I would like to know if i have the right spark plug too so if any body has this engine with a spark plug # so i can cross ref. to make sure i got the right one i just replaced the one in the engine with a new one of the same number as the old one but guy i got it from said to was his grandsons and not sure what he did to it like i said this plug looks very long for this small of a engine 

thank you again 

Wizard1


----------



## 30yearTech (Sep 14, 2006)

The correct spark plug for your engine should be an NGK BPR6ES, Champion RN9YC, Autolite 3923, or equivalent.


----------



## Wizard1 (Oct 3, 2008)

Thank you very much 30yeartech for the info. and help you have giving me i will give it a try a report back 

Thank you again 

Wizard1


----------



## markaparker (Dec 2, 2009)

*Link to get pub*

I also needed the book so I ask for a user id and password from the company.
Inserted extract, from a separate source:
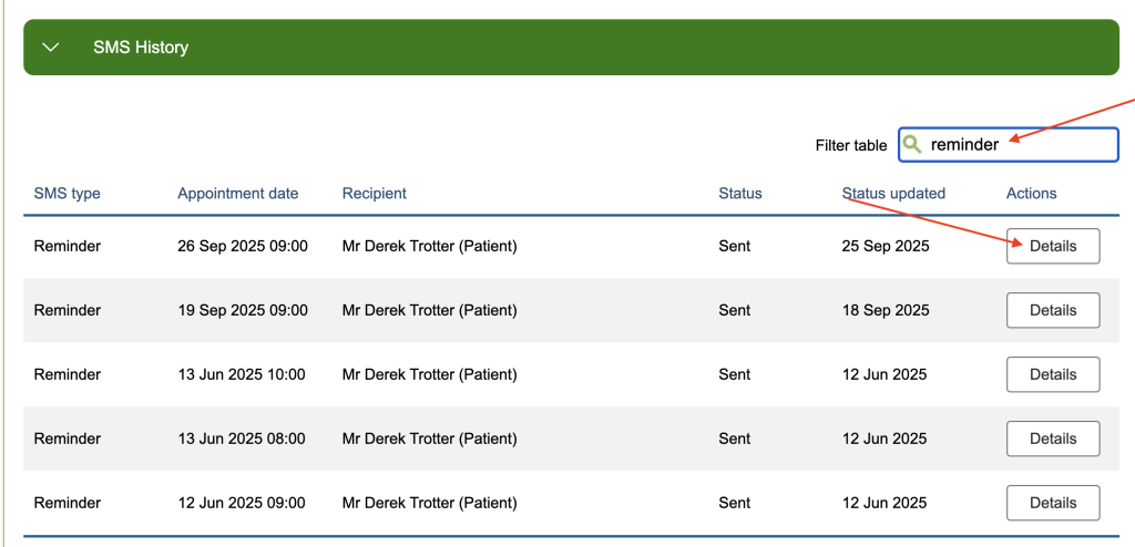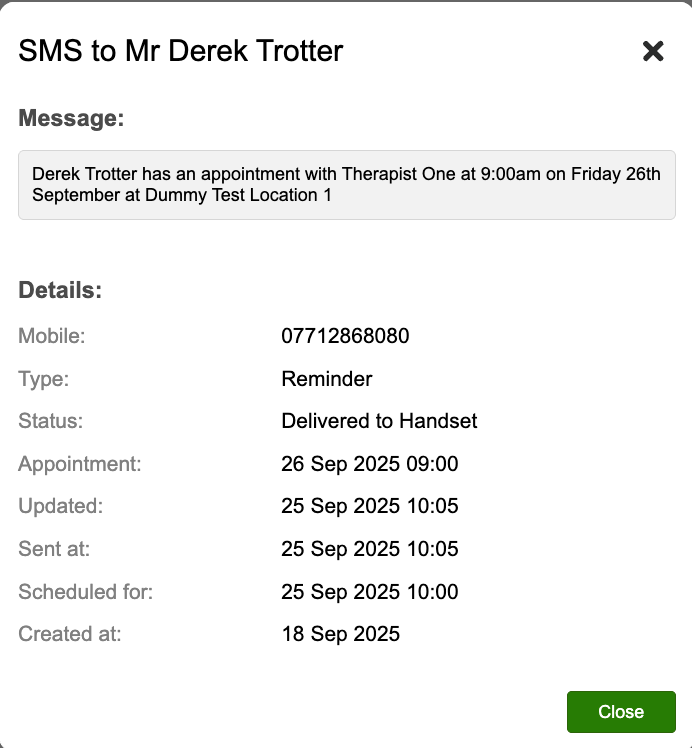 Any SMS messages that are scheduled to send at a later date will sit at pending until their scheduled send date/ time. For example, appointment reminders are generated when the appointment is booked but will remain at a status of ‘pending’ until X days prior to the appointment.

This was what they gave me for generic login...
user:jd001
pp:jdsh001


----------



## mikesanto70 (Mar 20, 2010)

30yearTech said:


> The correct spark plug for your engine should be an NGK BPR6ES, Champion RN9YC, Autolite 3923, or equivalent.
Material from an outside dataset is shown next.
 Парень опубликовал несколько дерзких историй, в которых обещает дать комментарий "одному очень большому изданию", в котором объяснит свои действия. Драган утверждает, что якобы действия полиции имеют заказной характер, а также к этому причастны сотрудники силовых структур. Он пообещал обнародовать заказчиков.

Hi 30 year veteran, I have one of these 5.5 jdong motors and the pull start broke and I want to know where to find parts for this thing. I live in phoenix az, but if you know the specs of that spring thing that makes the rope recoil after pull I would be deeply gratful. 
Mike


----------



## mikesanto70 (Mar 20, 2010)

Hi 30 year veteran, I have one of these 5.5 jdong motors and the pull start broke and I want to know where to find parts for this thing. I live in phoenix az, but if you know the specs of that spring thing that makes the rope recoil after pull I would be deeply gratful. 
Mike


----------



## 30yearTech (Sep 14, 2006)

Many of the parts on those engines are interchangeable with Honda engine parts, as they are basically clones of the Honda GX engine. If there is a lawn mower dealer in your area that handles Stens parts, they offer many parts that will fit the Clone engines as well.


----------



## Boojie_007 (Jun 11, 2012)

*Won't stay running after a engine rebuild*

I have one of these engines in a mini bike too. I had to do a rebuild because the rings blew.
I got it all back together and it will fire and run for about 10 seconds then dies. Or if you try to give it the slightest bit of gas it will die.

It seems to be getting good air and fuel for the few seconds it runs, and sounds great so I'm lost.

Any ideas on why it might not stay running?


----------